Picked up my new Rod from Tom yesterday and cannot say enough about it. It almost looks too good to fish with. I paired it with a new Talica 25II and cant wait to try it out. Oh and also Tom took my custom cobia rod that had just about been destroyed and made it look brand new. Thanks again Tom.


----------



## tom wicker (Oct 16, 2007)

sbarrow said:


> Picked up my new Rod from Tom yesterday and cannot say enough about it. It almost looks too good to fish with. I paired it with a new Talica 25II and cant wait to try it out. Oh and also Tom took my custom cobia rod that had just about been destroyed and made it look brand new. Thanks again Tom.


I hope you enjoy fishing them as much as I did building it. I got to talking so much with you I forgot to give you a couple custom offshore jigs to go with your new build. 

P.S. I just received a shipment of Gator skins (real) to inlay rods or build grips from


----------



## CurDog (Nov 14, 2010)

Sbar, you got pics?? Would be nice to see. Thanks


----------



## amarcafina (Aug 24, 2008)

Tom is good , yeah put us some pic. to show it off, !!!


----------



## tom wicker (Oct 16, 2007)

amarcafina said:


> Tom is good , yeah put us some pic. to show it off, !!!
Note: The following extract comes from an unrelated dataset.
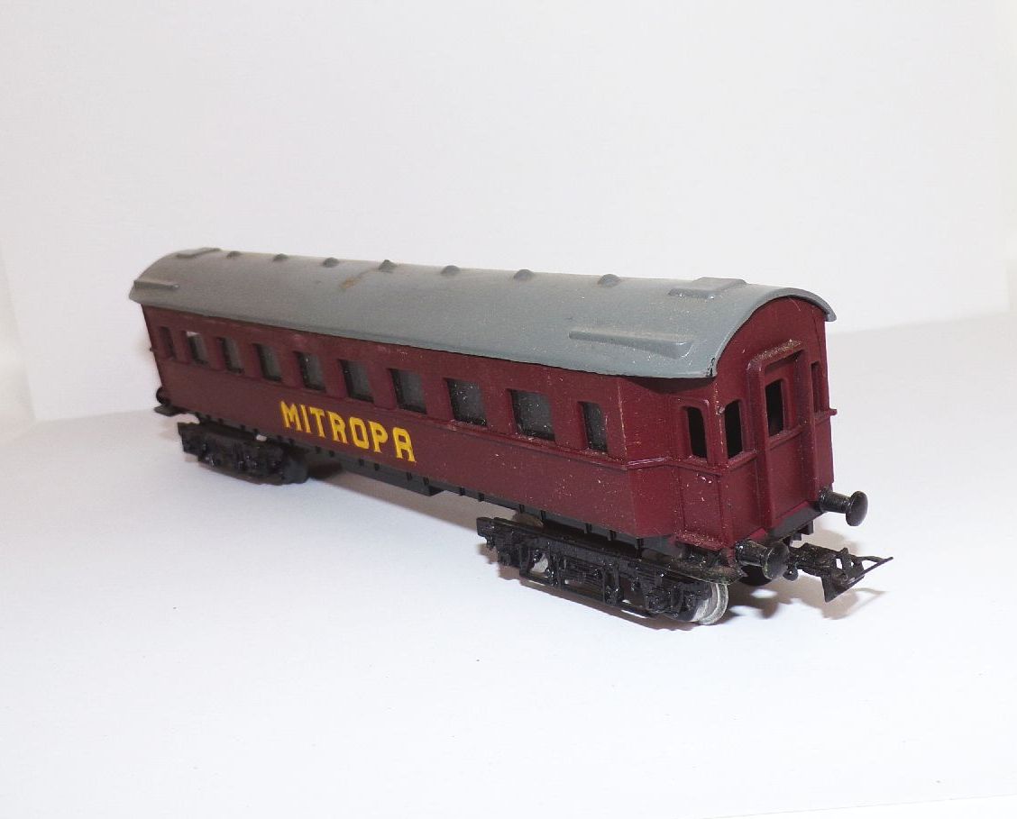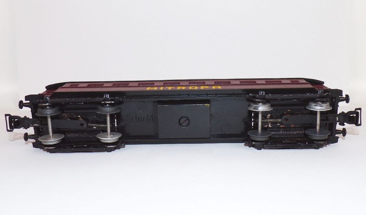 Originaler Mitropa Wagen von Schicht, Spur H0. Erhaltung: Boden mit Farbabrieben, Dach mit Fleck, ansonsten gut, alles weitere siehe bitte Fotos. Es wird keine Mehrwertsteuer ausgewiesen, da wir der Differenzbesteuerung nach § 25a UStG unterliegen. Intern Lagernummer M4

He needs to put up a pic of that sweet reel he had the rod built for:thumbup:


----------



## CatCrusher (Jan 18, 2009)

Here u go. My photography is not too great. My wife will take some better pic's later and I will post them.


----------



## amarcafina (Aug 24, 2008)

Nice , very nice !!!!!!!


----------



## tom wicker (Oct 16, 2007)

amarcafina said:


> Nice , very nice !!!!!!!


I need to get some pic's up of that Saint's Rod I'm building Ace. It is marbled gold and black with the Saints Logo on it


----------



## JoeyWelch (Sep 25, 2009)

SBarrow that looks like a fish killer. I hope you enjoy yours as much as I do the one he built for me. Tom does some nice work. Like that skin. Reminds me of me.


----------